• _Work order_: What you write should match, word for word, the lines from the one containing "結(jié)果數(shù)據(jù)較小的直接使用瀏覽器下載,較大的需要使用 ftp 下載,具體的" through the end of the data, with no pictures.

• _Data segment_:
---

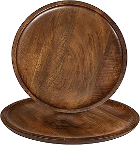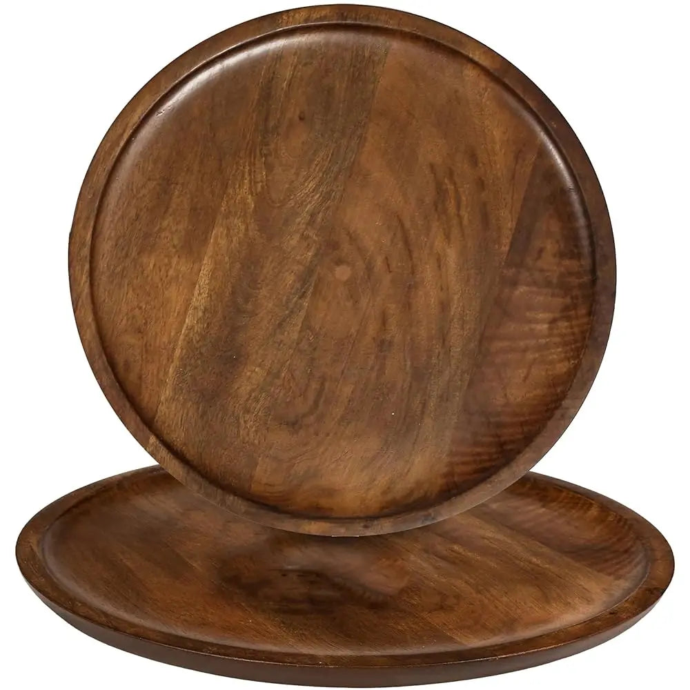 - 12"" Rustic Wooden Charger Plate Set Of 2, Handcrafted Matt Walnut Round Dinner Plates
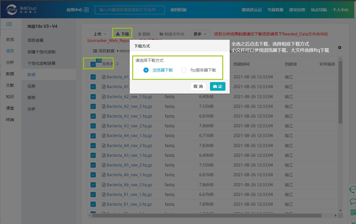 結(jié)果數(shù)據(jù)較小的直接使用瀏覽器下載,較大的需要使用 ftp 下載,具體的 ftp下載指導(dǎo)在后續(xù)詳細(xì)介紹。
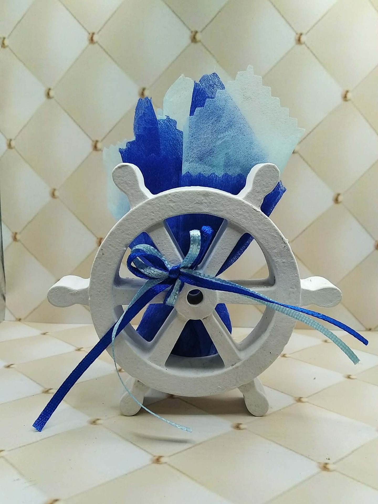 χειροποίητη  μπομπονιερα βάπτισης απο γύψο τιμόνι
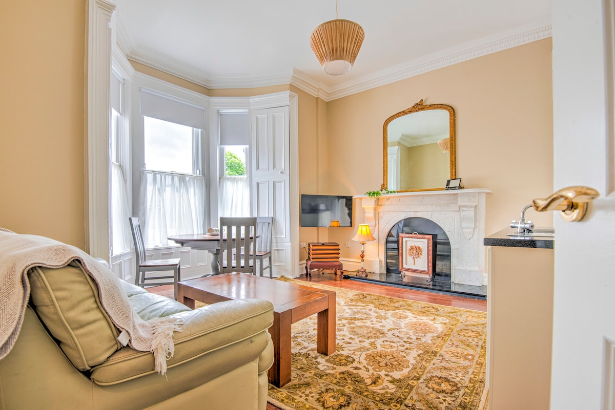 Bright and modern one bedroom apartment. This apartment is situated on the second floor of a Victorian House across from the Mall in Armagh City. It has been completely renovated by an architect while keeping its original Victorian features intact. There is a separate living area with TV and comfortable seating. The apartment has one double bedroom.

---

• _Written solution_:
 結(jié)果數(shù)據(jù)較小的直接使用瀏覽器下載,較大的需要使用 ftp 下載,具體的 ftp下載指導(dǎo)在后續(xù)詳細(xì)介紹。
 χειροποίητη  μπομπονιερα βάπτισης απο γύψο τιμόνι
 Bright and modern one bedroom apartment. This apartment is situated on the second floor of a Victorian House across from the Mall in Armagh City. It has been completely renovated by an architect while keeping its original Victorian features intact. There is a separate living area with TV and comfortable seating. The apartment has one double bedroom.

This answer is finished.